### Records for the exercise

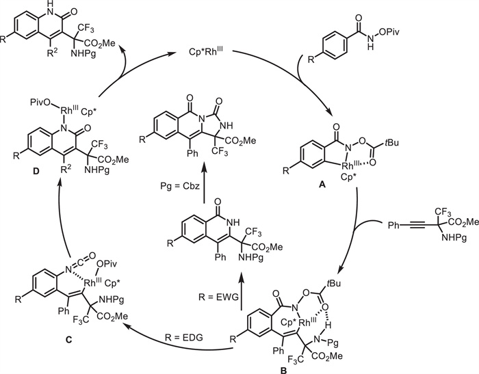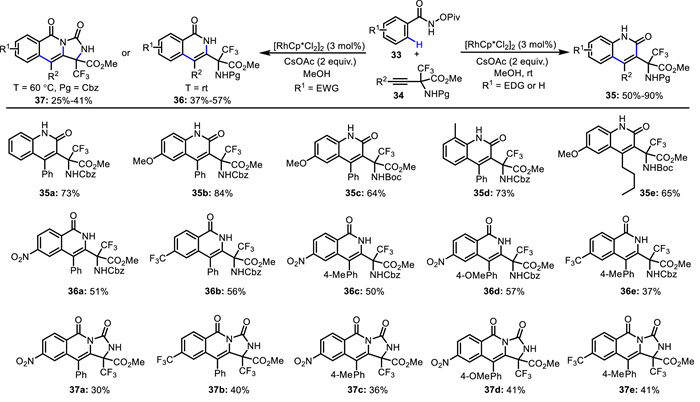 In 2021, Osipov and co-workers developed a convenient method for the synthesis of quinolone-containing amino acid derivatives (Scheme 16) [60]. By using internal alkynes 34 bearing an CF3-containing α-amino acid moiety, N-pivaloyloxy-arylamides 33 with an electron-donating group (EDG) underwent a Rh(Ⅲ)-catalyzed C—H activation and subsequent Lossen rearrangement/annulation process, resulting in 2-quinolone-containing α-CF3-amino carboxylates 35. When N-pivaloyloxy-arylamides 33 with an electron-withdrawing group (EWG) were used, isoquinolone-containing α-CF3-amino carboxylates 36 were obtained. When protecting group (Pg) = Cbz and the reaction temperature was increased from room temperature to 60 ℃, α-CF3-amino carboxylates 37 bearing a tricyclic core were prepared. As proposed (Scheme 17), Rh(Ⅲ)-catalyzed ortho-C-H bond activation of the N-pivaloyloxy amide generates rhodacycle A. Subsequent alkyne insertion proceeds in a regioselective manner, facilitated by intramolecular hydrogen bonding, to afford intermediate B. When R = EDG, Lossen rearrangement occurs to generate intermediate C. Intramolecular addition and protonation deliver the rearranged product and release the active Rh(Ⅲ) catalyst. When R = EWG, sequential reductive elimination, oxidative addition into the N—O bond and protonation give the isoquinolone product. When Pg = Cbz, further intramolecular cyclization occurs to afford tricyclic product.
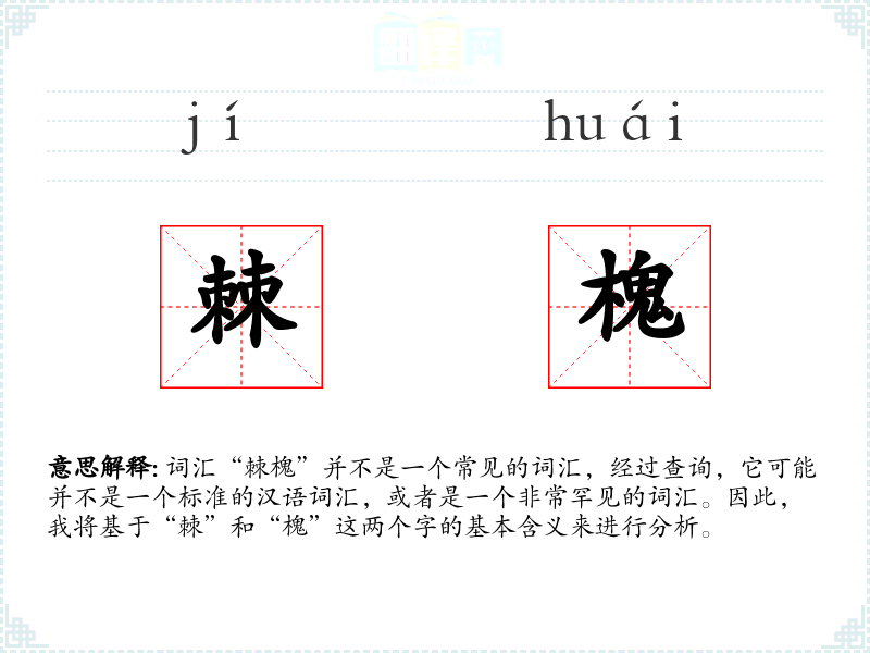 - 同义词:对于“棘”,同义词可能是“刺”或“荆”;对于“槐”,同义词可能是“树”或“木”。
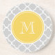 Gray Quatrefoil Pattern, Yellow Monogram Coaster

==

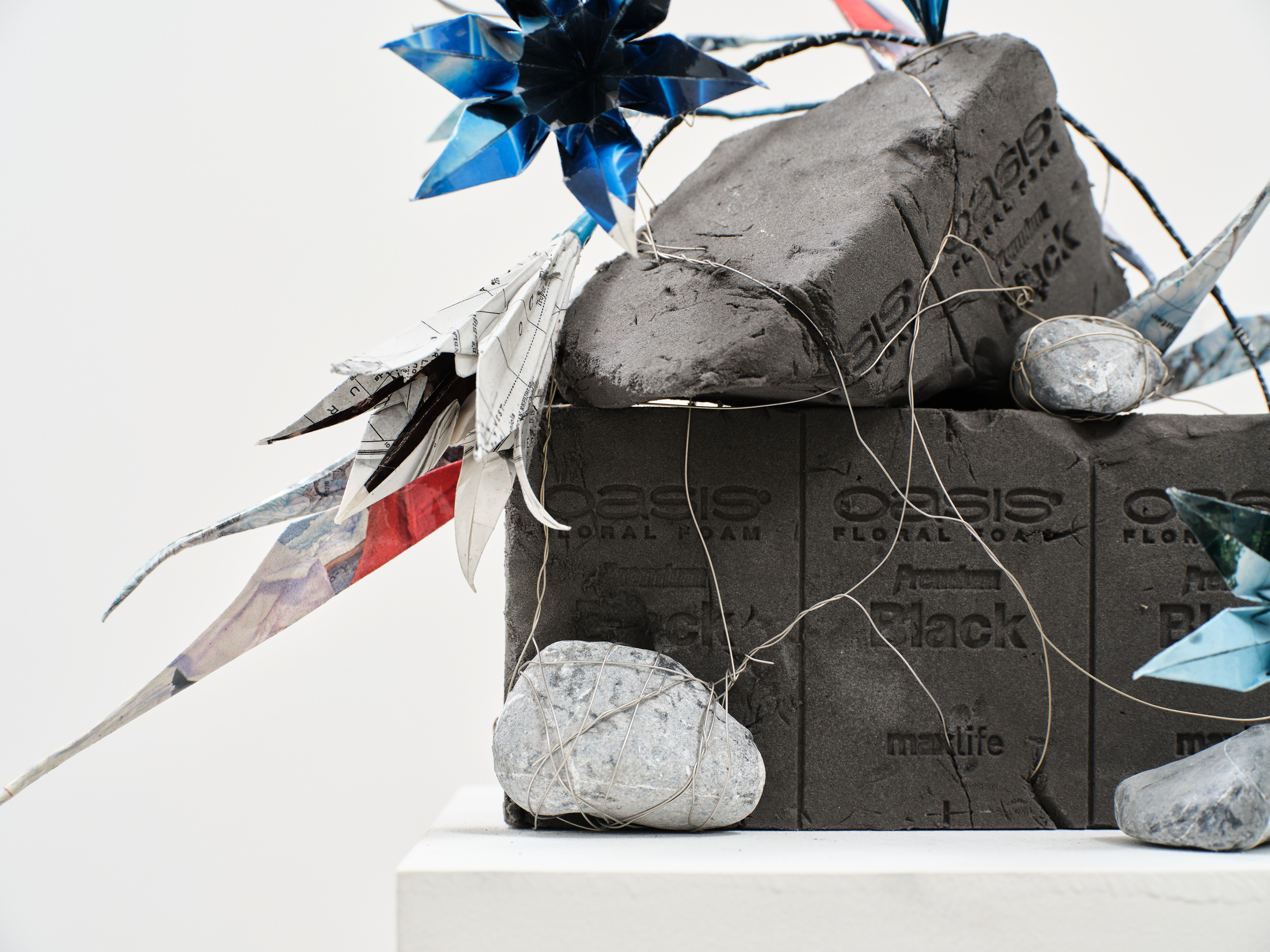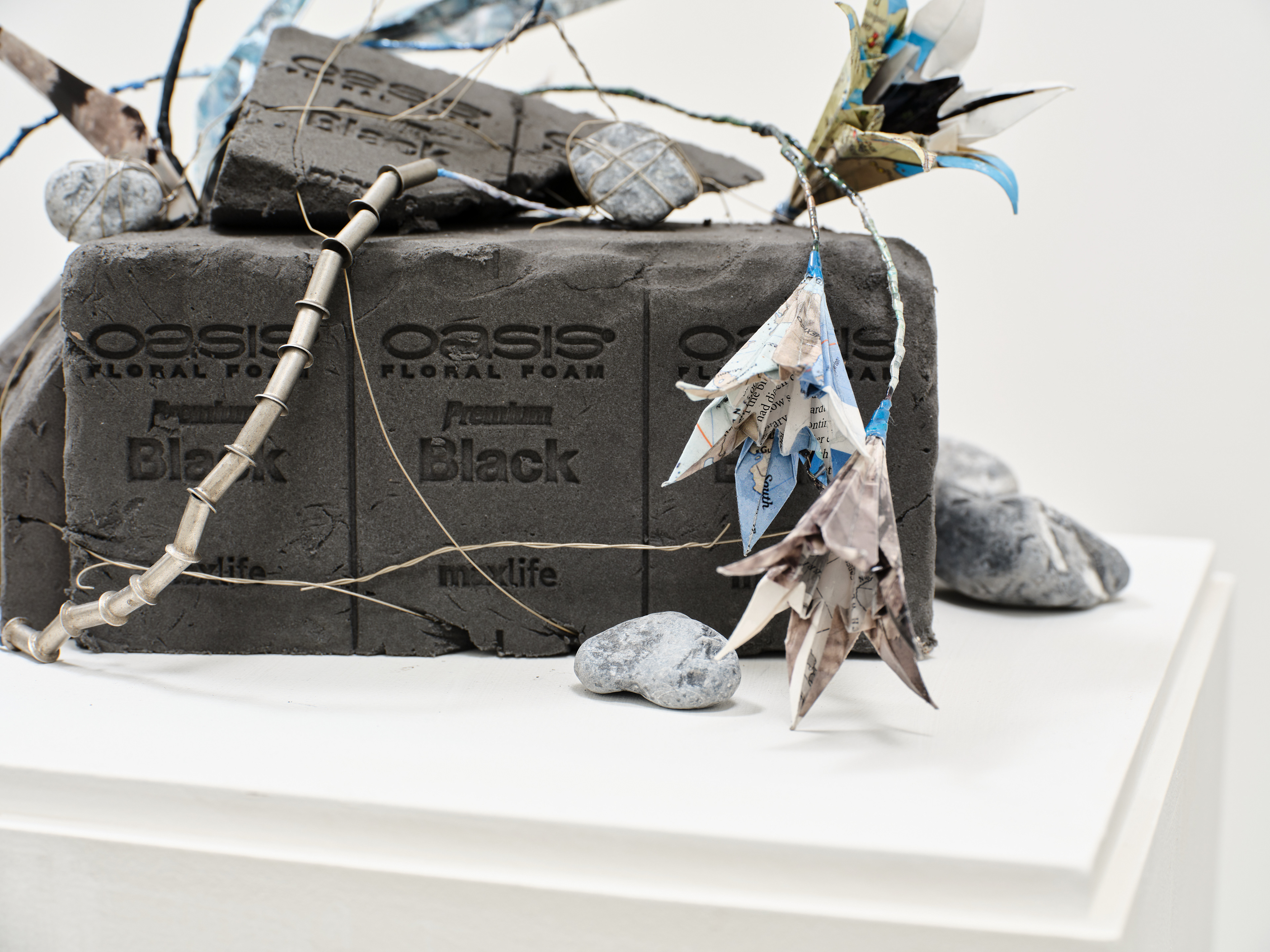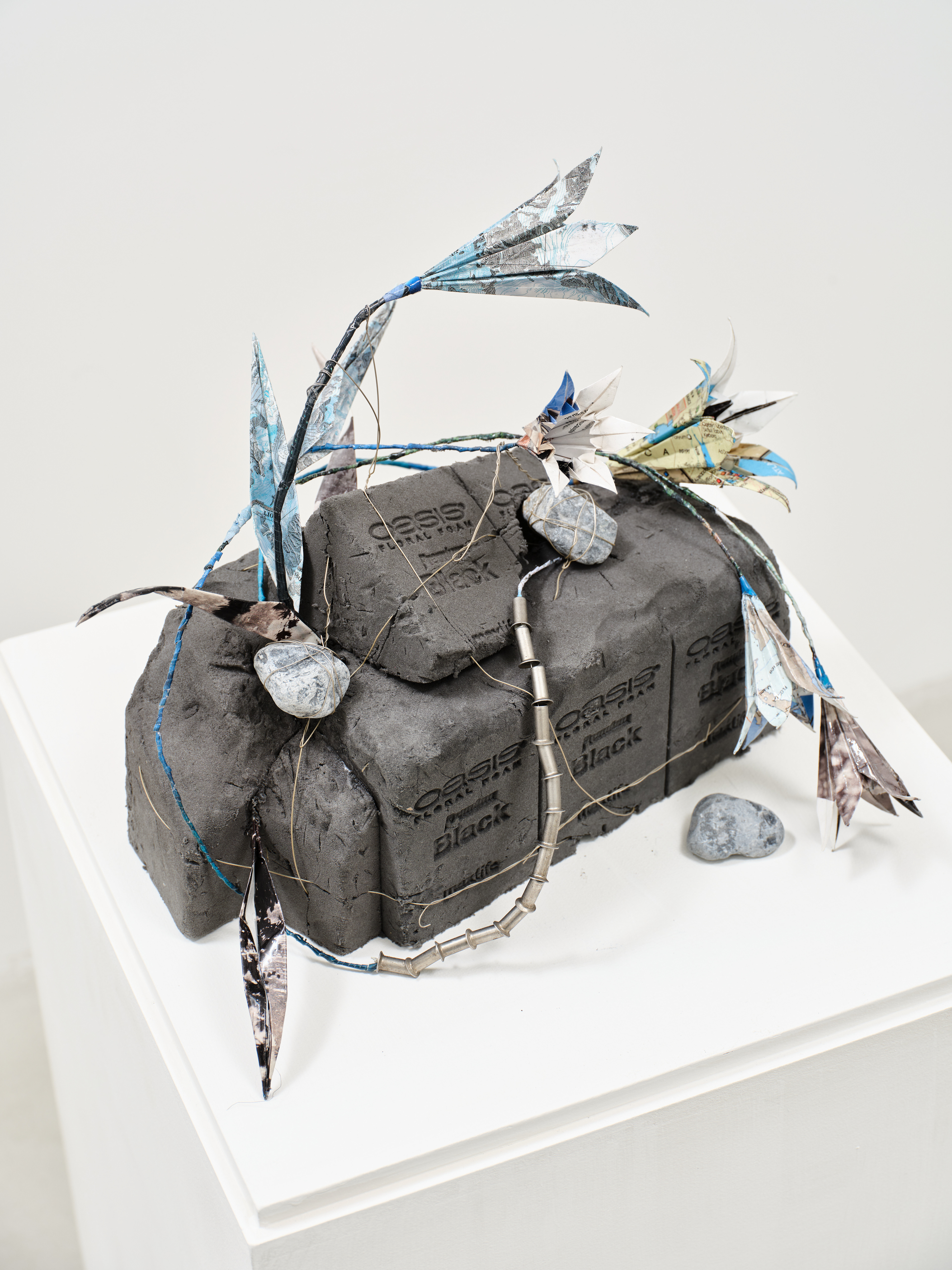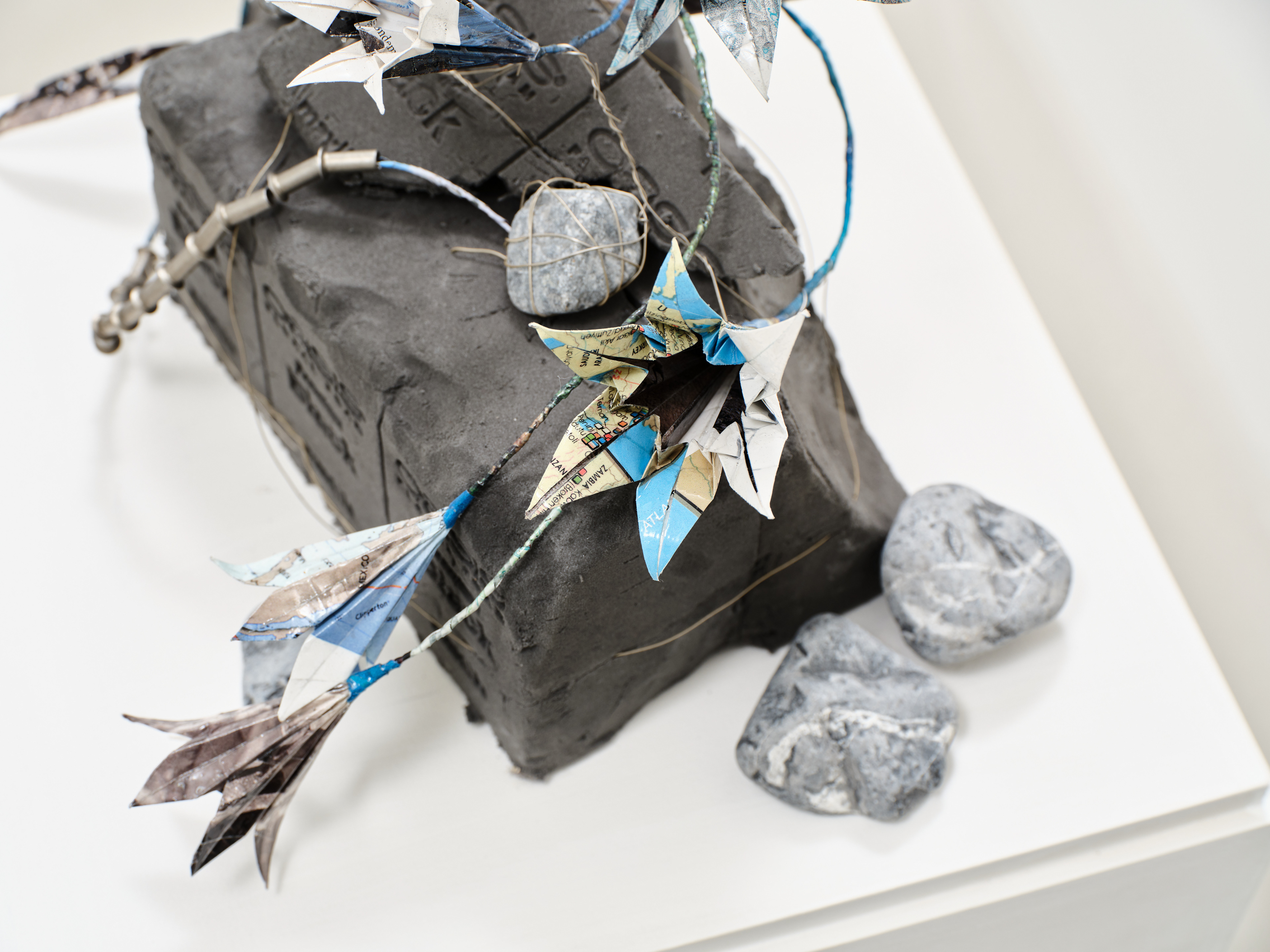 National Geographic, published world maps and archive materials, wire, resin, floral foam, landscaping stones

### Exercise
Once the line with "In 2021, Osipov" is found in the data above, reproduce it and each line after it exactly, through the line with "Gray Quatrefoil Pattern, Yellow". Omit the pictures.

### Answer space
 In 2021, Osipov and co-workers developed a convenient method for the synthesis of quinolone-containing amino acid derivatives (Scheme 16) [60]. By using internal alkynes 34 bearing an CF3-containing α-amino acid moiety, N-pivaloyloxy-arylamides 33 with an electron-donating group (EDG) underwent a Rh(Ⅲ)-catalyzed C—H activation and subsequent Lossen rearrangement/annulation process, resulting in 2-quinolone-containing α-CF3-amino carboxylates 35. When N-pivaloyloxy-arylamides 33 with an electron-withdrawing group (EWG) were used, isoquinolone-containing α-CF3-amino carboxylates 36 were obtained. When protecting group (Pg) = Cbz and the reaction temperature was increased from room temperature to 60 ℃, α-CF3-amino carboxylates 37 bearing a tricyclic core were prepared. As proposed (Scheme 17), Rh(Ⅲ)-catalyzed ortho-C-H bond activation of the N-pivaloyloxy amide generates rhodacycle A. Subsequent alkyne insertion proceeds in a regioselective manner, facilitated by intramolecular hydrogen bonding, to afford intermediate B. When R = EDG, Lossen rearrangement occurs to generate intermediate C. Intramolecular addition and protonation deliver the rearranged product and release the active Rh(Ⅲ) catalyst. When R = EWG, sequential reductive elimination, oxidative addition into the N—O bond and protonation give the isoquinolone product. When Pg = Cbz, further intramolecular cyclization occurs to afford tricyclic product.
 - 同义词:对于“棘”,同义词可能是“刺”或“荆”;对于“槐”,同义词可能是“树”或“木”。
 Gray Quatrefoil Pattern, Yellow Monogram Coaster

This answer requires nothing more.